◆ Exercise instructions: The copy must run from the first line of the entries below through the line containing "배우 지창욱이 31일", restated word for word, with pictures left out.

[Source data]
:::
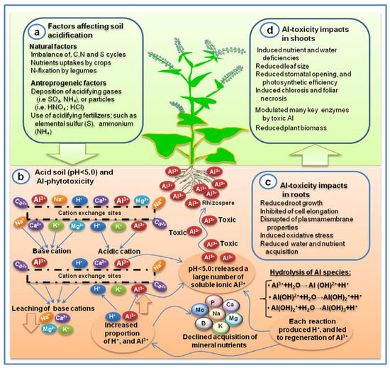 General overview of the factors affecting soil acidification, subsequent Al toxicity, and impacts in plants. (a) Natural and anthropogenic sources for occurring soil acidification. (b) Impact of cation saturation ratio in soil that led to increased exchangeable Al3+, and reduce acquisition of mineral nutrients. (c) Consequence of Al toxicity in roots, and thereby (d) impact of Al toxicity in shoots.
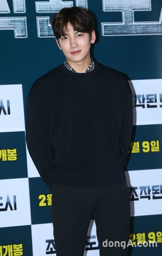 배우 지창욱이 31일 오후 서울 성동구 왕십리CGV에서 열린 영화 '조작된 도시' 언론시사회에 참석해 포토타임을 하고 있다.
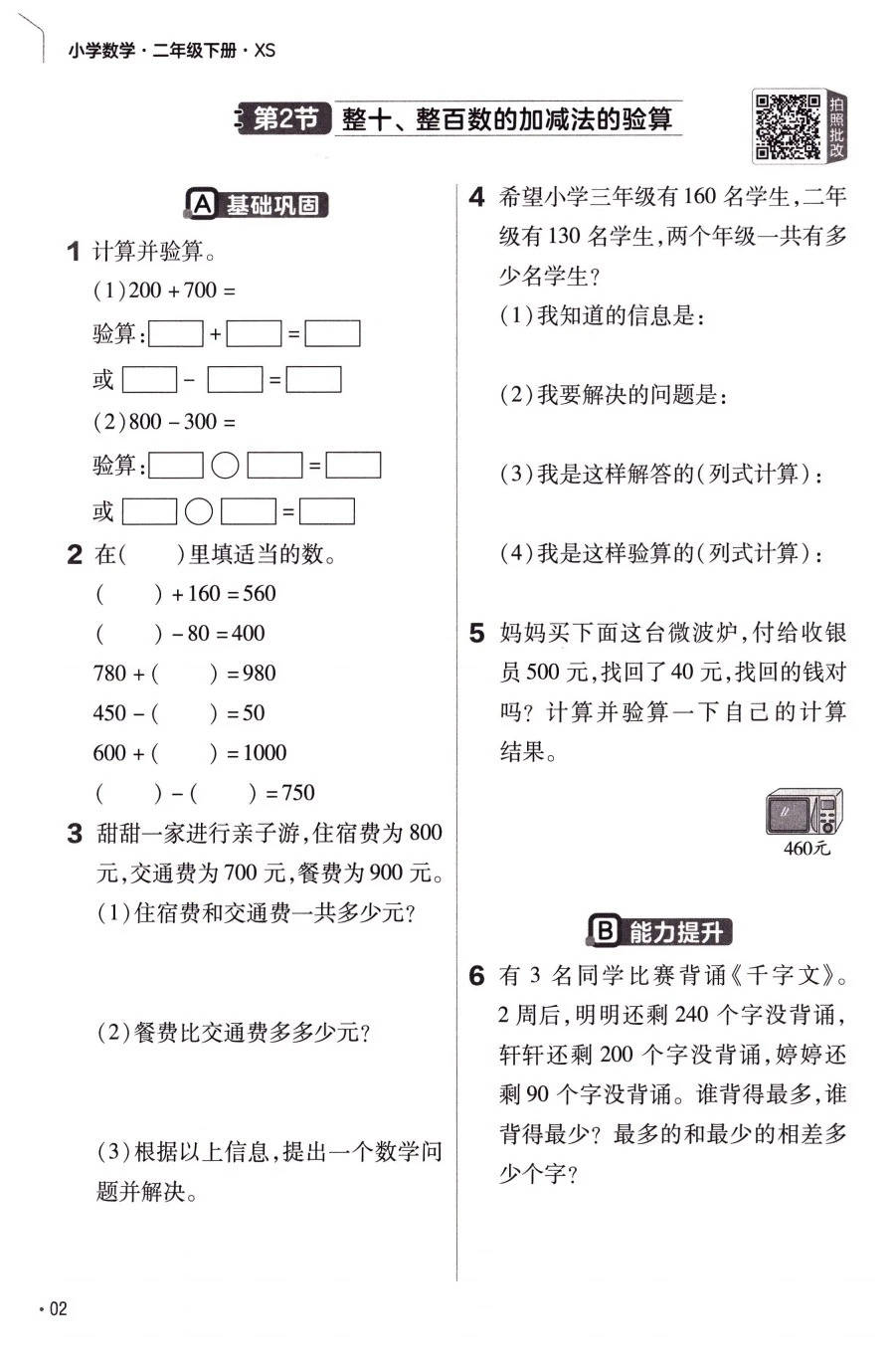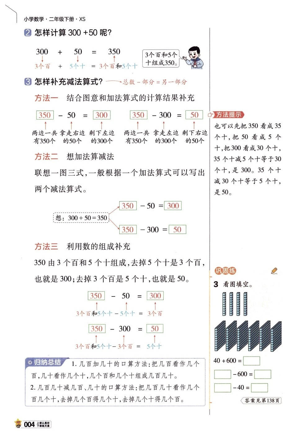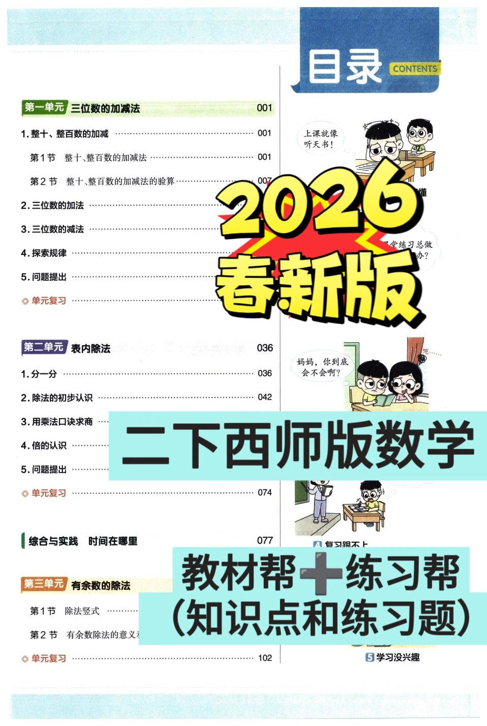 2026 春西师版二年级下册数学《教材帮 + 练习帮》直接把 “三位数的加减法” 单元做成 **“算理拆解 + 方法拓展 + 思维训练” 的提分通关包 **:从整十 / 整百数的口算(数的组成、转化法),到几百加几十的加减运算,连 “填数推理题” 的解题逻辑都手把手教,还配套单元复习、综合实践,学习像解锁 “数学运算任务副本”!
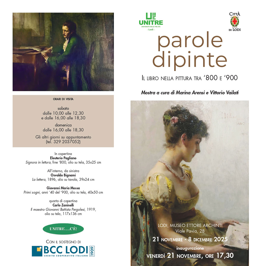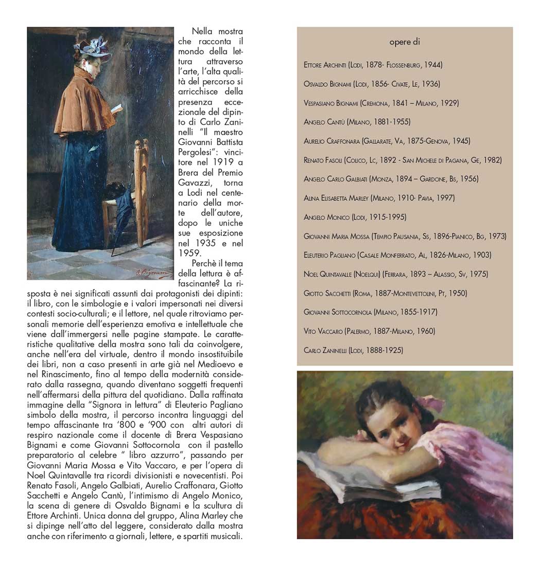 La mostra conduce nel mondo affascinante della lettura e del libro, soggetto dei quadri con il valore culturale di conoscenza, di simbolo e di progresso assunto attraverso i secoli. E parla di pittura, la bella pittura del tempo affascinante tra Ottocento e Novecento introdotta dallo splendido dipinto “La lettrice” di Eleuterio Pagliano, riassunta nei linguaggi di 16 autori, selezionati secondo un criterio di qualità tra le personalità di rilievo nel panorama italiano del periodo considerato. Ospite d’eccezione, nel centenario della morte dell’autore, è il grande dipinto del lodigiano Carlo Zaninelli “Il maestro Giovanni Battista Pergolesi”, che torna a Lodi dopo le uniche sue presenze espositive del 1935 e del 1959.
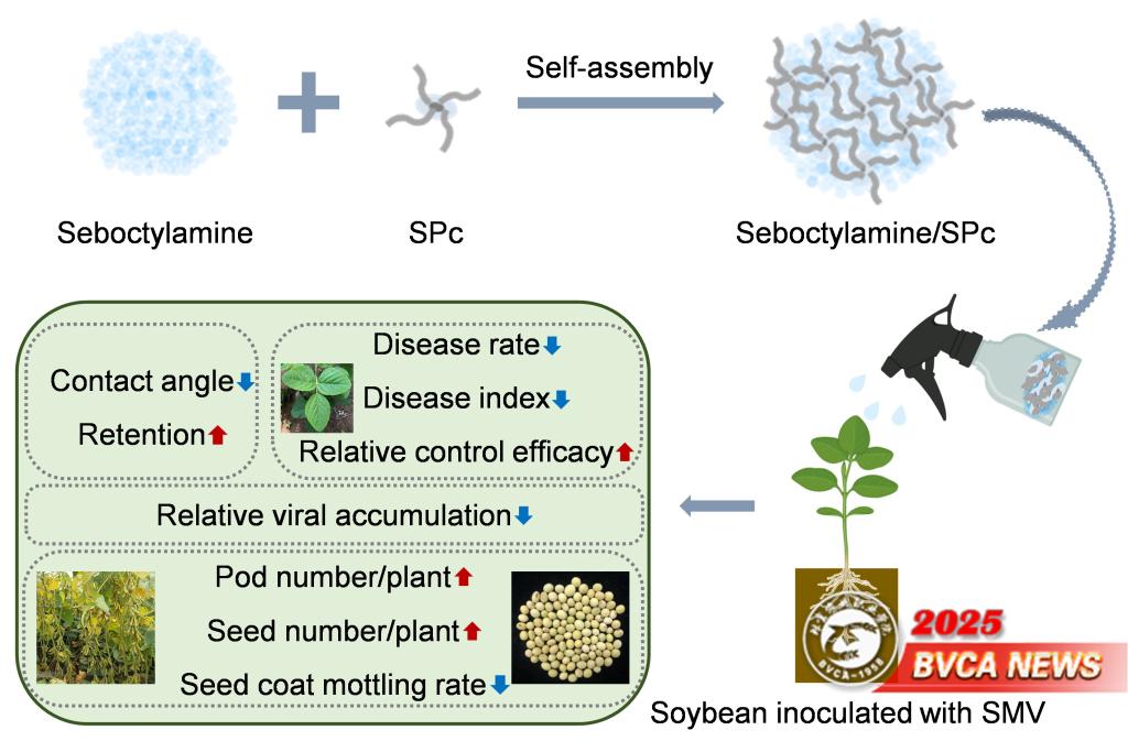 该研究成功设计开发了一种具有强粘附性能的自组装纳米抗病毒农药,大幅改善了农药的理化性质并提升农药分子的递送效率,显著提升了大豆花叶病毒(SMV)的田间防治效果,为SMV的防治提供了新的方法策略。
:::
◆ Answer:
 General overview of the factors affecting soil acidification, subsequent Al toxicity, and impacts in plants. (a) Natural and anthropogenic sources for occurring soil acidification. (b) Impact of cation saturation ratio in soil that led to increased exchangeable Al3+, and reduce acquisition of mineral nutrients. (c) Consequence of Al toxicity in roots, and thereby (d) impact of Al toxicity in shoots.
 배우 지창욱이 31일 오후 서울 성동구 왕십리CGV에서 열린 영화 '조작된 도시' 언론시사회에 참석해 포토타임을 하고 있다.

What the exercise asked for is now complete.